What needs to be done: Begin at the line that has "Elegancki design etui", stop after the line that has "蘇荷酒吧的室內(nèi)設(shè)計以", and print exactly those lines from the records below, without any pictures.
:: Extracted records ::
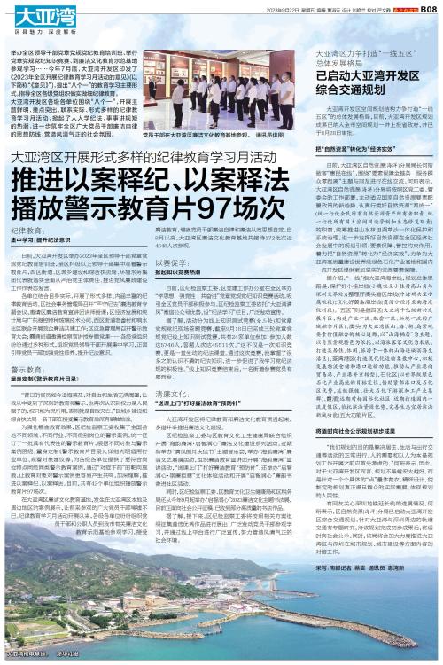 举办全区领导干部党章党规党纪教育培训班、举行党章党规党纪知识竞赛、到廉洁文化教育示范基地参观学习……今年7月底,大亚湾开发区印发了《2023年全区开展纪律教育学习月活动的意见》(以下简称“《意见》
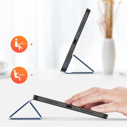 Elegancki design etui Dux Ducis Domo sprawia, że jest idealnym dodatkiem na każdą okazję: od spotkań biznesowych po casualowe rozmowy. Dzięki zamkniętej konstrukcji z klapką zapewnia doskonałą ochronę tabletu z każdej strony. Możliwość zmiany w wygodną podstawkę ułatwia oglądanie filmów czy przeglądanie zdjęć. Inteligentna funkcja smart sleep oszczędza energię przez wygodne wybudzanie i usypianie tabletu. Delikatnie podniesione krawędzie chronią ekran i obiektyw aparatu, a precyzyjne wycięcia zapewniają łatwy dostęp do wszystkich portów i przycisków. System odprowadzania powietrza sprawi, że tablet nie przegrzeje się.
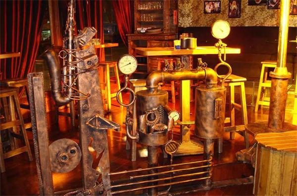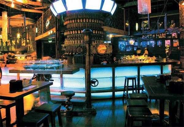 蘇荷酒吧的室內(nèi)設(shè)計以工業(yè)風(fēng)元素作為整個空間的主元素,用鋼鐵、齒輪、玻璃、舊原木等材料,來營造厚重粗狂、奔放自由的娛樂氛圍,同時,融合后工業(yè)時代的時尚輕松和維多和亞時代的繁華藝術(shù),讓進入酒吧的顧客對藝術(shù)、自由、華麗、時尚和頹廢的新感覺。
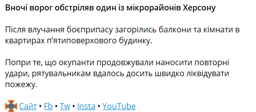 "Несмотря на то, что оккупанты продолжали наносить повторные удары, спасателям удалось довольно быстро ликвидировать пожар", - заявили в ГСЧС.
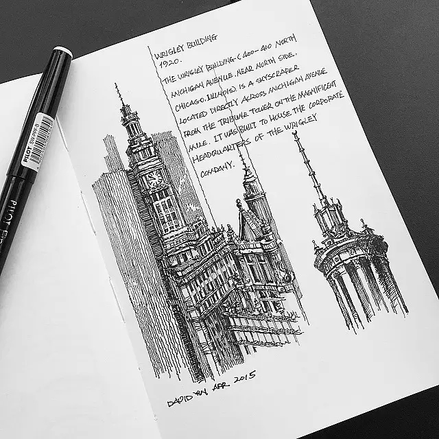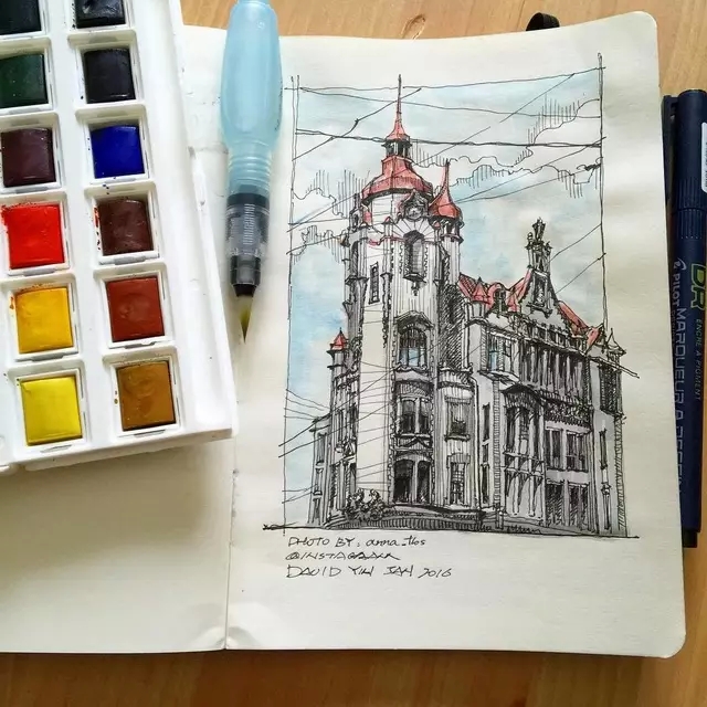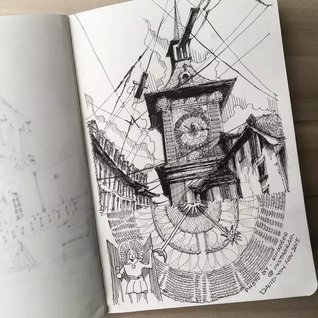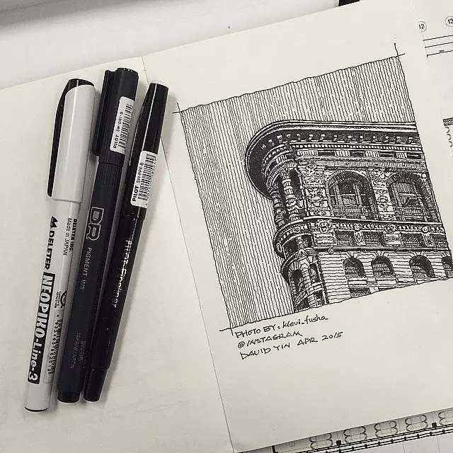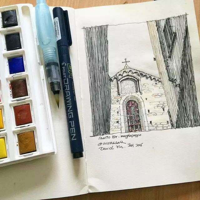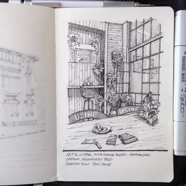 一组室内设计师兼业余摄影师David Yin带来的随身钢笔画速写,一幅幅轻松精致的小画记
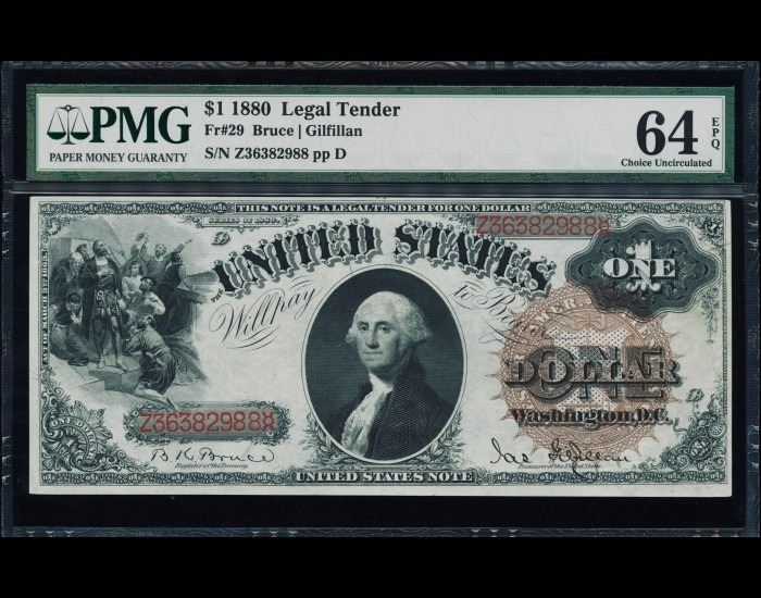 One 1880 $1 Legal Tender Note PMG 64EPQ.
:::
Answer section:
 Elegancki design etui Dux Ducis Domo sprawia, że jest idealnym dodatkiem na każdą okazję: od spotkań biznesowych po casualowe rozmowy. Dzięki zamkniętej konstrukcji z klapką zapewnia doskonałą ochronę tabletu z każdej strony. Możliwość zmiany w wygodną podstawkę ułatwia oglądanie filmów czy przeglądanie zdjęć. Inteligentna funkcja smart sleep oszczędza energię przez wygodne wybudzanie i usypianie tabletu. Delikatnie podniesione krawędzie chronią ekran i obiektyw aparatu, a precyzyjne wycięcia zapewniają łatwy dostęp do wszystkich portów i przycisków. System odprowadzania powietrza sprawi, że tablet nie przegrzeje się.
 蘇荷酒吧的室內(nèi)設(shè)計以工業(yè)風(fēng)元素作為整個空間的主元素,用鋼鐵、齒輪、玻璃、舊原木等材料,來營造厚重粗狂、奔放自由的娛樂氛圍,同時,融合后工業(yè)時代的時尚輕松和維多和亞時代的繁華藝術(shù),讓進入酒吧的顧客對藝術(shù)、自由、華麗、時尚和頹廢的新感覺。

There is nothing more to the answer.